In response to these concerns, biobanks have ethics policies and privacy guidelines in place to ensure no barriers are crossed concerning the use of samples and sample data. “The challenge faced by the industry is how to de-identify that data, so that when the researcher studies a sample, he or she cannot know who contributed it. The sample and the donor must be de-linked so that diseases can’t be traced back to the individual.” This is a particular concern in the US because of employment or health insurance issues and is, therefore, one of the drivers in the move to international harmonisations – so that the same guidelines and standards are in place on privacy, security and management of data.

A work in progress

Aside from the IT and governance issues, that must still be addressed, it is also worth remembering that however fast it is advancing, the science behind biobanking is a work in progress. “Even though certain tissue samples have been collected for decades, biobanking is at a very early stage; the field of genomics and genetic analysis didn’t exist a few years ago,” says Reeve. “On the scientific front, we’re going to understand a lot more about genetic predisposition to certain disease and how people respond to certain drugs. A major area of scientific research these days is biomarkers, and the biospecimens held in the biobanks are going to be key to understanding and developing those biomarkers. On the scientific front, many people see this as a goldmine.”

One of the main challenges today is coming to a consensus about how samples are gathered and ensuring that they are gained with the proper consent. This is important because the way that samples are stored and collected can have a serious impact on the kind of data you can extract from that sample. It’s vital to ensure that whatever analyses you’re running on the sample are correct. As Reeve adds, the importance of this will become ever more important when we look a few years down the line and consider the kind of analysis that may be possible. “We will find out more about the connection between certain genes, proteins, etc., and as the new scientific and analytic results come out, one of the questions will be how do you apply that to samples gathered over time. The challenge will be how do you gather a sample now for the future, when you don’t know what kind of questions you’ll be asking of that sample or what scientific tools you’ll be using.”

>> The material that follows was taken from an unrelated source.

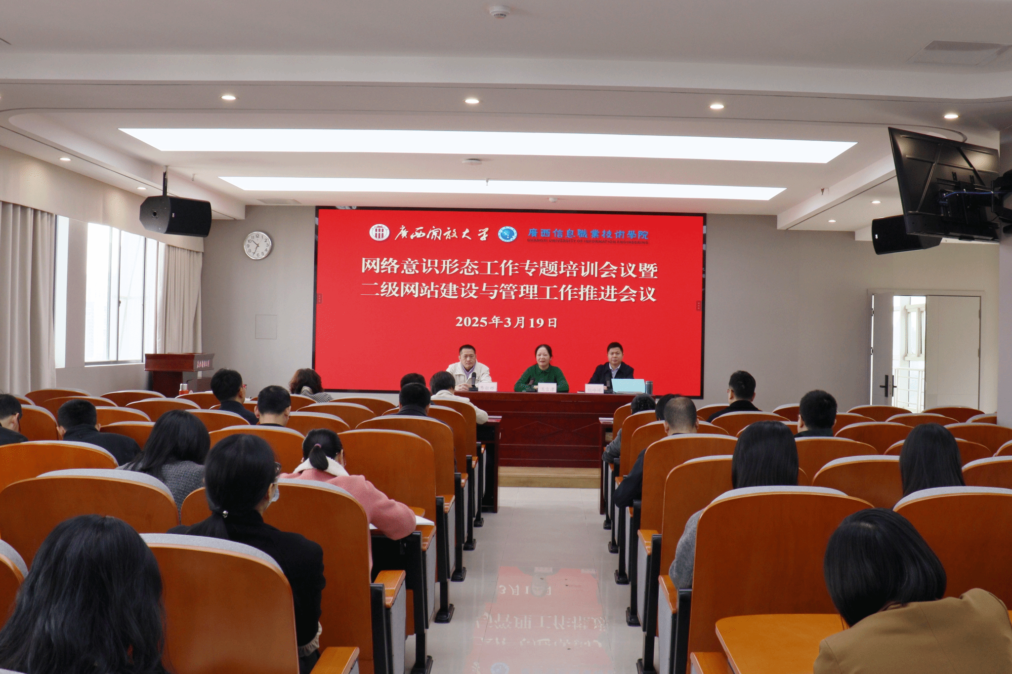 会上,党委宣传部部长胡峥嵘通报学校关于做好二级网站建设与管理的通知,就做好网络意识形态工作等作专题培训。网络与信息中心主任韦劼群就做好二级网站数据规范存档、建设新的二级网站和网站日常维护等作技术培训。
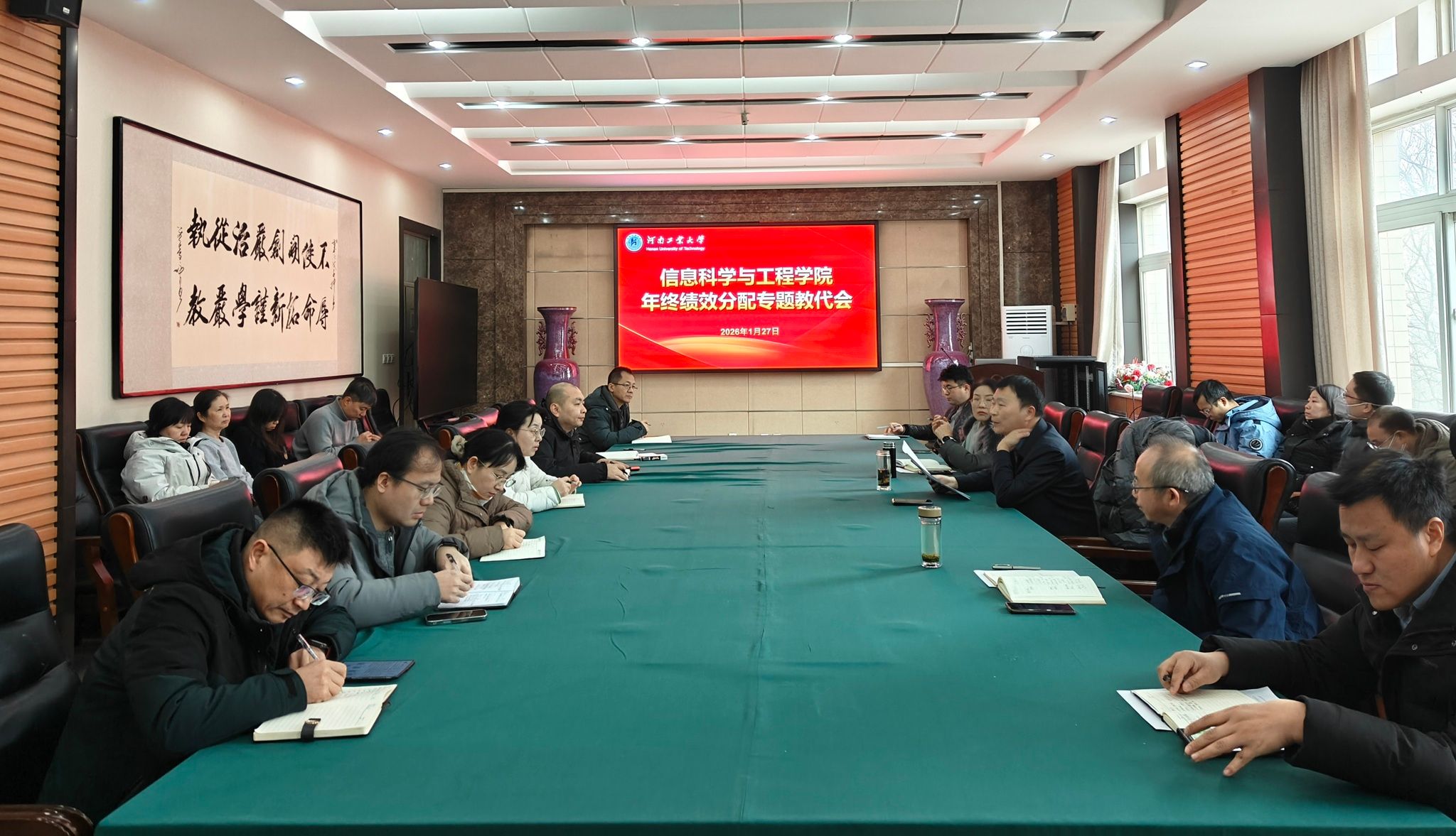 2026年1月27日,信息科学与工程学院在6225会议室召开专题教代会,讨论审议《信息科学与工程学院2025年度年终绩效分配方案》。学院领导班子成员和教职工代表参加了会议。学院党委副书记、工会主席魏雪芹主持会议。

Reeve sees three main areas that need to be addressed in order to move development of biobanks forward: a core organisation and governance issue, in which there are the issues of privacy and security; the scientific aspect; and IT and data standards. “All three of these need to develop in tandem for this to be successful, says Reeve, but is confident that progress is being made on all fronts. “While each will have its own types of hurdles and breakthroughs, the three pieces of the puzzle do have to move along at the same rate.” He adds, however, that one of the big issues on the organisational side is simply getting public acceptance – ensuring that patients trust that any sample given to a third party will be used in the right way and not be used against them.

“Where the three elements move together is through certain programs such as those by the NCI or with Encore UK,” concludes Reeve “or when you have a big national push. There are then also some groups that try to cut across the different areas, trying to connect together some of the national biobanks and national genomics efforts so that they can leverage each other and achieve some of the incredible benefits that are possible in the future.”